- THE DATA -
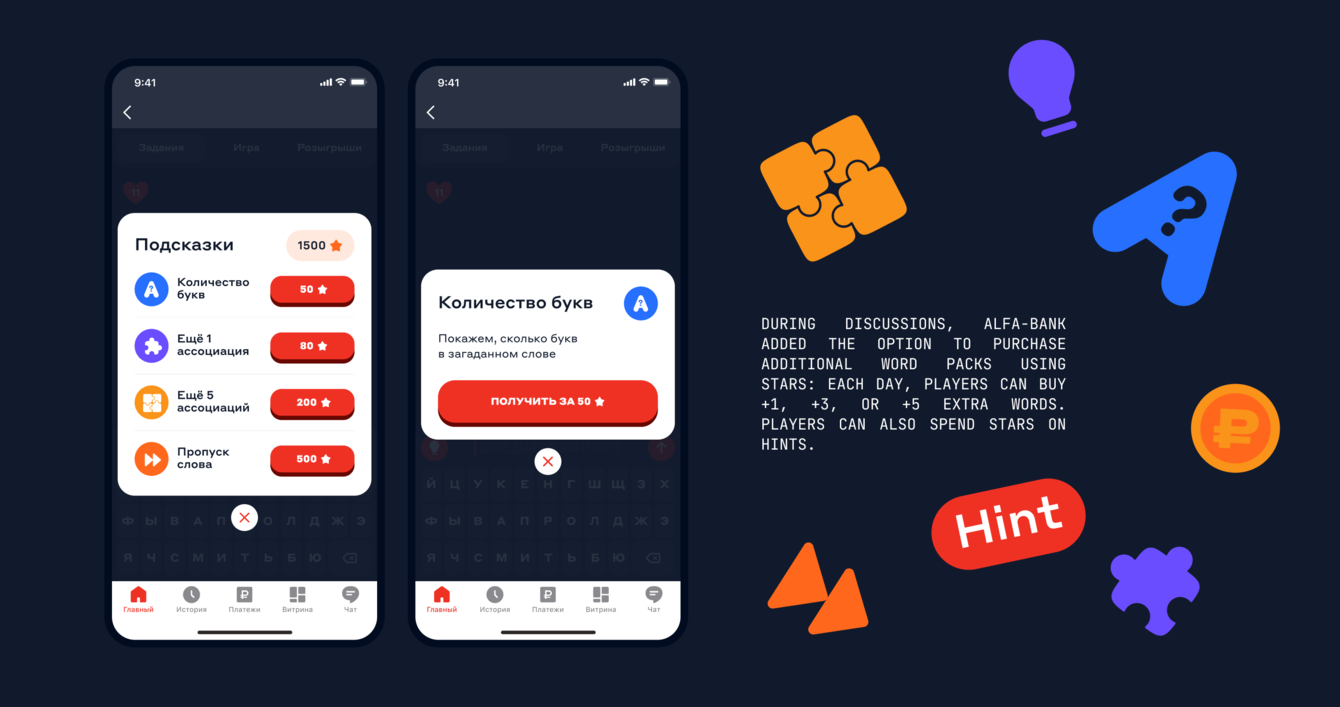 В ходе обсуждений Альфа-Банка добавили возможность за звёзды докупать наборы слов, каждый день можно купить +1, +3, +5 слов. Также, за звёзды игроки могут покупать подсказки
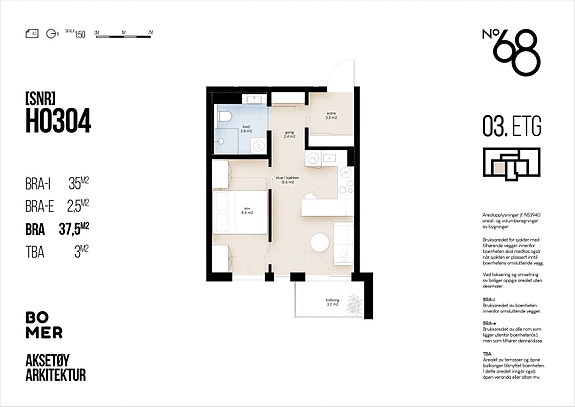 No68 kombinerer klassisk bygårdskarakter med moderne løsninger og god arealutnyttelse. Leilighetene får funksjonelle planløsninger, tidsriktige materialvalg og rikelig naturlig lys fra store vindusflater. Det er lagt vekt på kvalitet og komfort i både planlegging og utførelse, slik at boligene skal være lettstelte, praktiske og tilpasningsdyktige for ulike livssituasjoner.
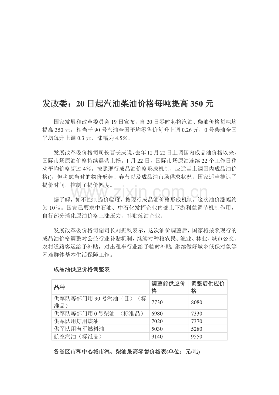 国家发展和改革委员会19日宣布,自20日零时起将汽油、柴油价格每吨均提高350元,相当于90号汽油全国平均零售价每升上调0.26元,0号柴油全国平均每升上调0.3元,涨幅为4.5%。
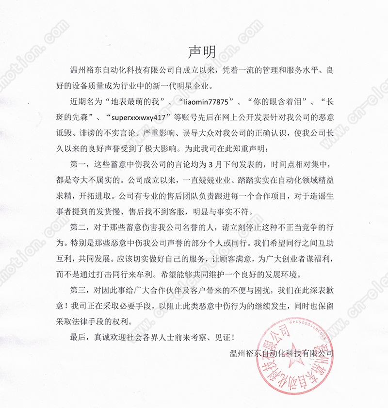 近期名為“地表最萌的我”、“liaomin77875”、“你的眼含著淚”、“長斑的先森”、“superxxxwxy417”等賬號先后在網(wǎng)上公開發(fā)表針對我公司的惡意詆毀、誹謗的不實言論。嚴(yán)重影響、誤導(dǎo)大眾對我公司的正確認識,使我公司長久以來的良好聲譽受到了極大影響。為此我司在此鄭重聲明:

- ACTIVITY -
Reproduce the data above word for word, but leave the images out.

- EXERCISE RESULT -
 В ходе обсуждений Альфа-Банка добавили возможность за звёзды докупать наборы слов, каждый день можно купить +1, +3, +5 слов. Также, за звёзды игроки могут покупать подсказки
 No68 kombinerer klassisk bygårdskarakter med moderne løsninger og god arealutnyttelse. Leilighetene får funksjonelle planløsninger, tidsriktige materialvalg og rikelig naturlig lys fra store vindusflater. Det er lagt vekt på kvalitet og komfort i både planlegging og utførelse, slik at boligene skal være lettstelte, praktiske og tilpasningsdyktige for ulike livssituasjoner.
 国家发展和改革委员会19日宣布,自20日零时起将汽油、柴油价格每吨均提高350元,相当于90号汽油全国平均零售价每升上调0.26元,0号柴油全国平均每升上调0.3元,涨幅为4.5%。
 近期名為“地表最萌的我”、“liaomin77875”、“你的眼含著淚”、“長斑的先森”、“superxxxwxy417”等賬號先后在網(wǎng)上公開發(fā)表針對我公司的惡意詆毀、誹謗的不實言論。嚴(yán)重影響、誤導(dǎo)大眾對我公司的正確認識,使我公司長久以來的良好聲譽受到了極大影響。為此我司在此鄭重聲明:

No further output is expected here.